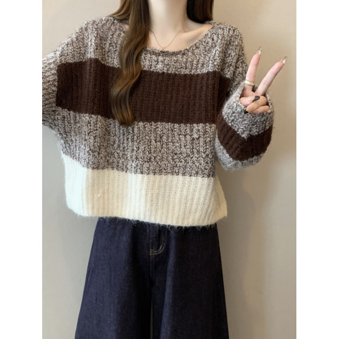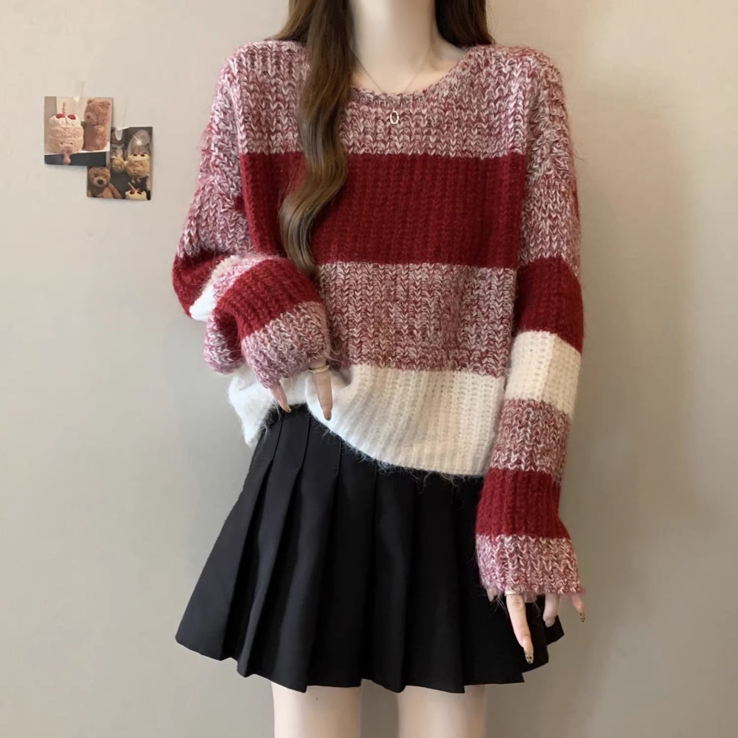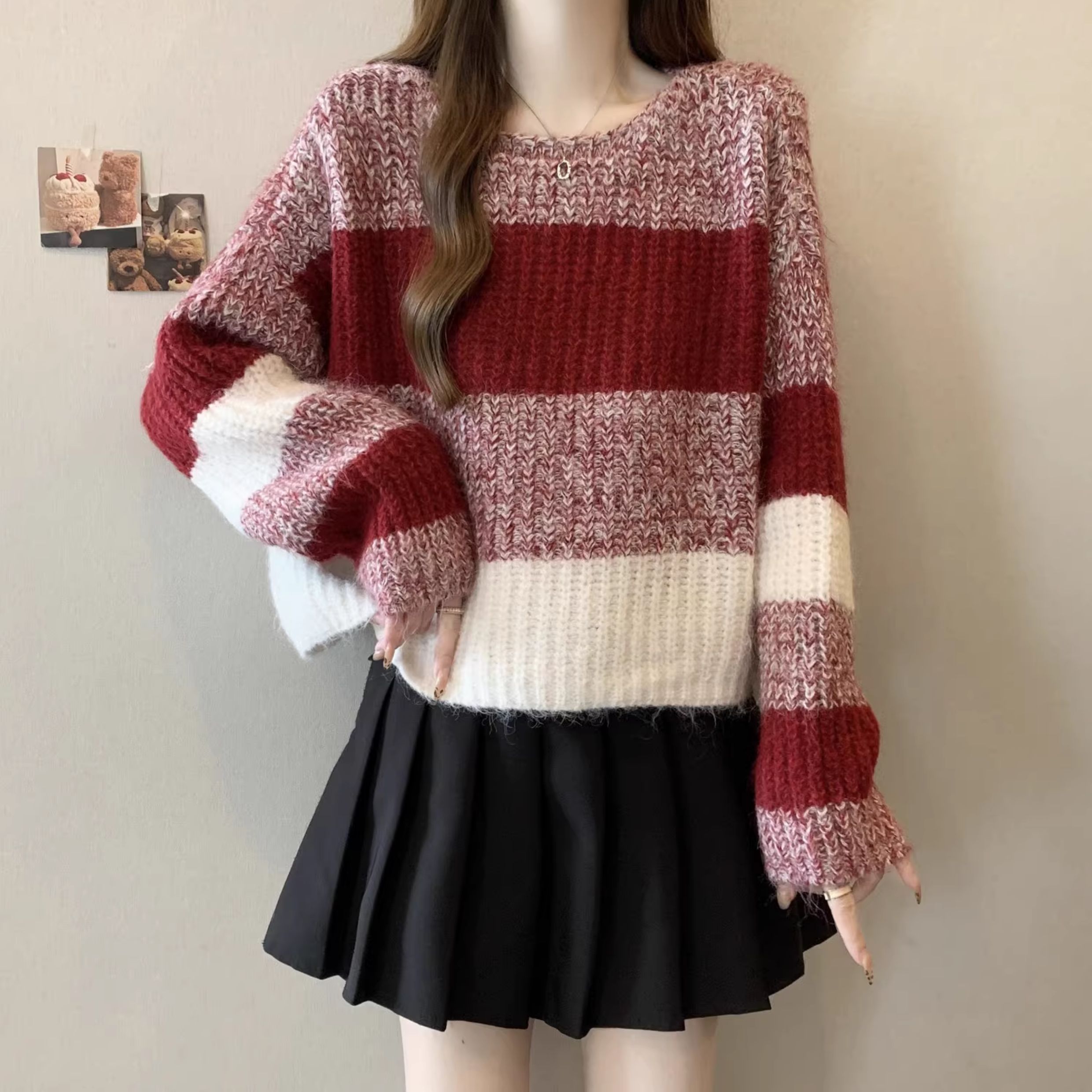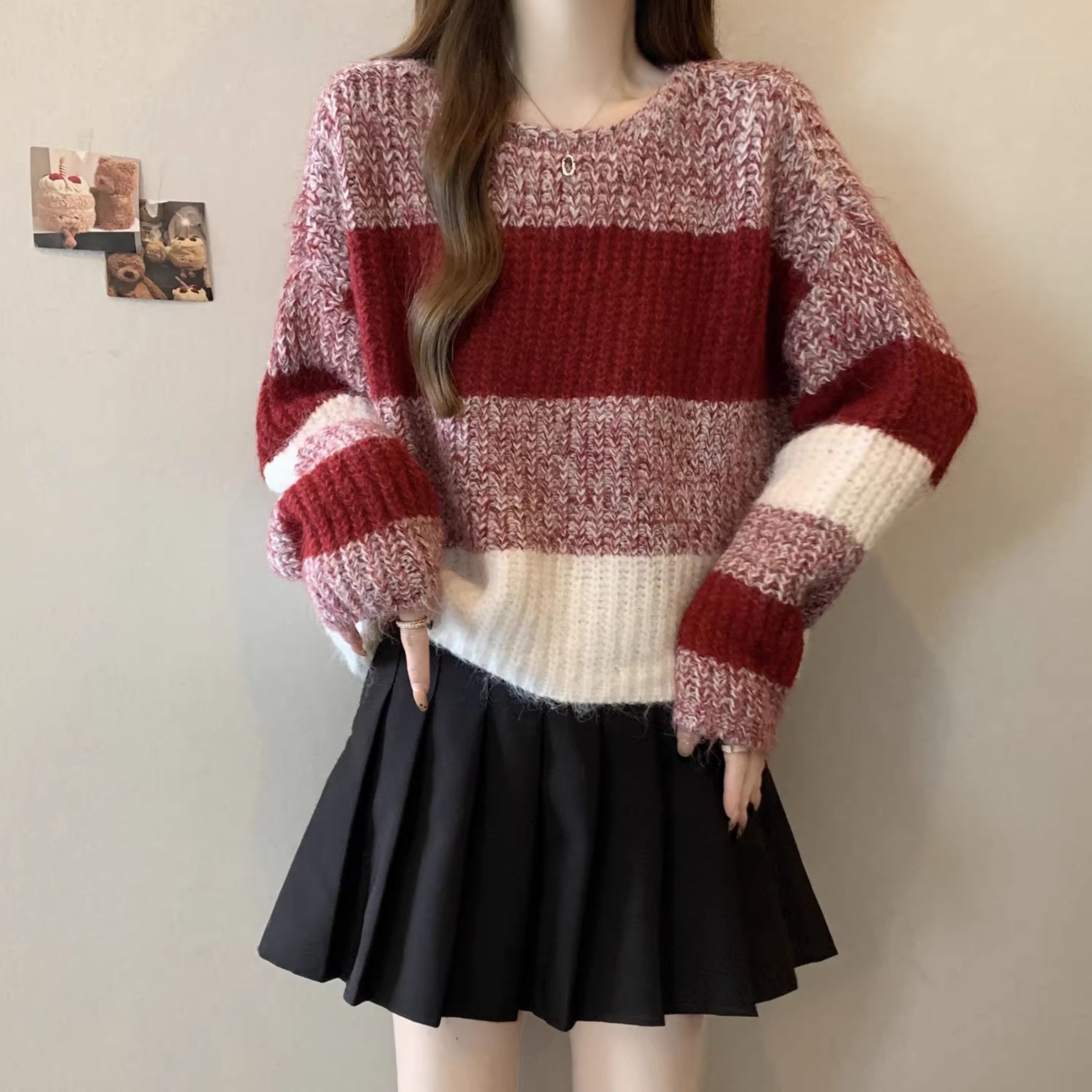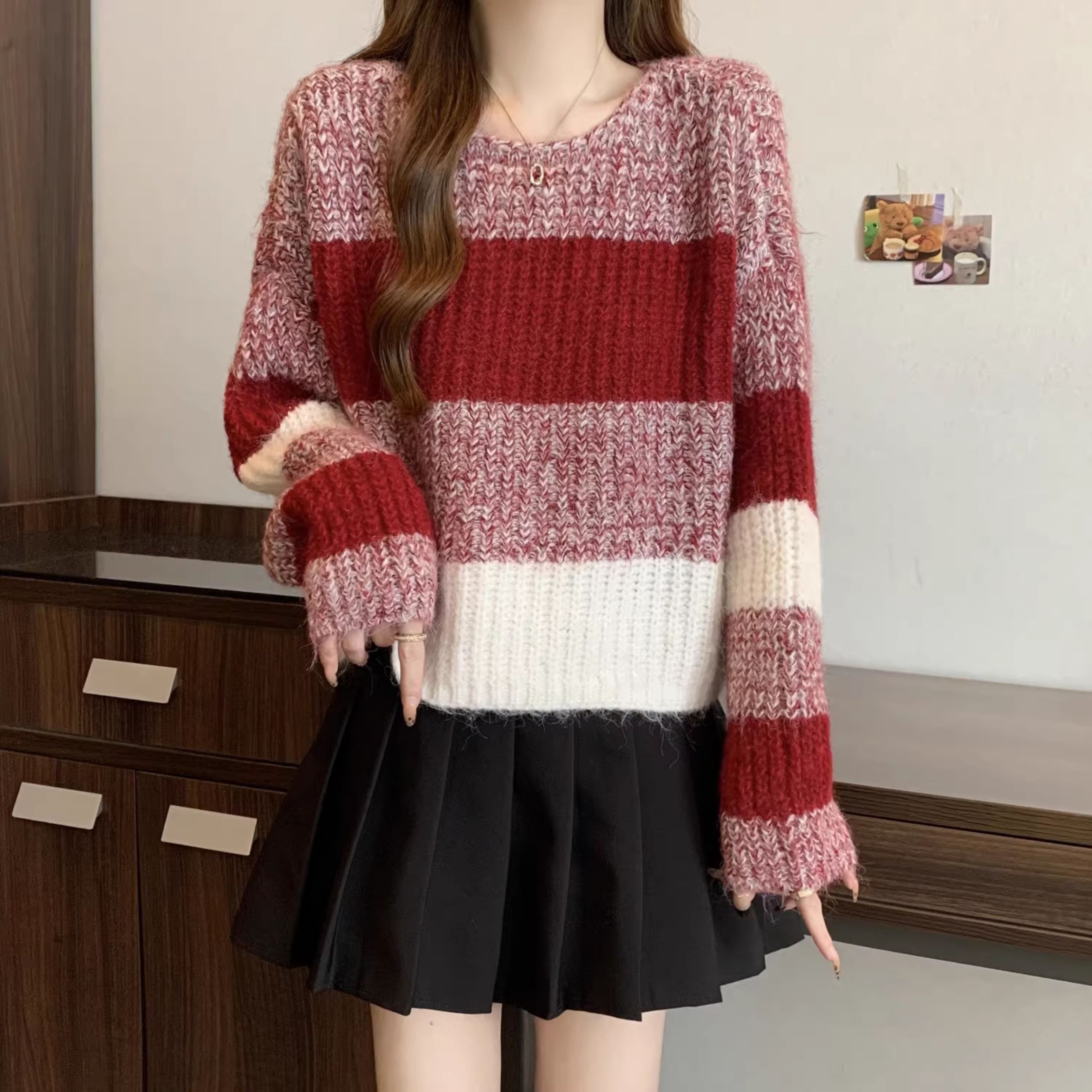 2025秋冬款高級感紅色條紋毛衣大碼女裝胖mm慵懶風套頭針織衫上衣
※
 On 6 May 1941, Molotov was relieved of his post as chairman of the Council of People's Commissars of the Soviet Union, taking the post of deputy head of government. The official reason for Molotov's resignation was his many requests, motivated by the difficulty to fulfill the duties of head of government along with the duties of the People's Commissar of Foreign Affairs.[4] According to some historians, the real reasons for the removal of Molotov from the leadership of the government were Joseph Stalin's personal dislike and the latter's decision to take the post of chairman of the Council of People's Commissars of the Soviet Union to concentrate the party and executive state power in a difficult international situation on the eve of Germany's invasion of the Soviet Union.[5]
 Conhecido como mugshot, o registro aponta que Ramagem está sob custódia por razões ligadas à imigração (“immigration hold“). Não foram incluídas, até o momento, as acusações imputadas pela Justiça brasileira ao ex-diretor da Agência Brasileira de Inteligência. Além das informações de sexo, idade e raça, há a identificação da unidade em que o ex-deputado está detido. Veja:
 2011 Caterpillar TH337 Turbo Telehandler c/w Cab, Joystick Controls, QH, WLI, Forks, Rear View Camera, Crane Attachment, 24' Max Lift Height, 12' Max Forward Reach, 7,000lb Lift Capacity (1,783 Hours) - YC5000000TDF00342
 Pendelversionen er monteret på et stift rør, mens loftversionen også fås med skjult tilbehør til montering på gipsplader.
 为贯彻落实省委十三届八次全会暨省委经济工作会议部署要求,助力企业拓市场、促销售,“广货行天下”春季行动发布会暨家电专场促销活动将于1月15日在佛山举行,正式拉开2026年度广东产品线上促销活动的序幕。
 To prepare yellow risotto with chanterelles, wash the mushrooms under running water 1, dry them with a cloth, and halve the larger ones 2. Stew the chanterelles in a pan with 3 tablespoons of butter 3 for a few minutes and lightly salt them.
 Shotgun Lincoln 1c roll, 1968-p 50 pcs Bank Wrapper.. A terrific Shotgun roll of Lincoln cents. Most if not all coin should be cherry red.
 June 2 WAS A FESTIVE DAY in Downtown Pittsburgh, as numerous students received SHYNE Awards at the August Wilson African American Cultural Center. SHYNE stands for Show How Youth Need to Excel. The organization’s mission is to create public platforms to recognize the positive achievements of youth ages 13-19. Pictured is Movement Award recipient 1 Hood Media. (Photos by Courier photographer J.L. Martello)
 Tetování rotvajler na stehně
※
### [WHAT THE TASK ASKS]
The expected answer is an exact copy of the lines above, beginning at the line with "Pendelversionen er monteret" and ending at the line with "Shotgun Lincoln 1c", with both ends in.

### [EXERCISE RESPONSE]
 Pendelversionen er monteret på et stift rør, mens loftversionen også fås med skjult tilbehør til montering på gipsplader.
 为贯彻落实省委十三届八次全会暨省委经济工作会议部署要求,助力企业拓市场、促销售,“广货行天下”春季行动发布会暨家电专场促销活动将于1月15日在佛山举行,正式拉开2026年度广东产品线上促销活动的序幕。
 To prepare yellow risotto with chanterelles, wash the mushrooms under running water 1, dry them with a cloth, and halve the larger ones 2. Stew the chanterelles in a pan with 3 tablespoons of butter 3 for a few minutes and lightly salt them.
 Shotgun Lincoln 1c roll, 1968-p 50 pcs Bank Wrapper.. A terrific Shotgun roll of Lincoln cents. Most if not all coin should be cherry red.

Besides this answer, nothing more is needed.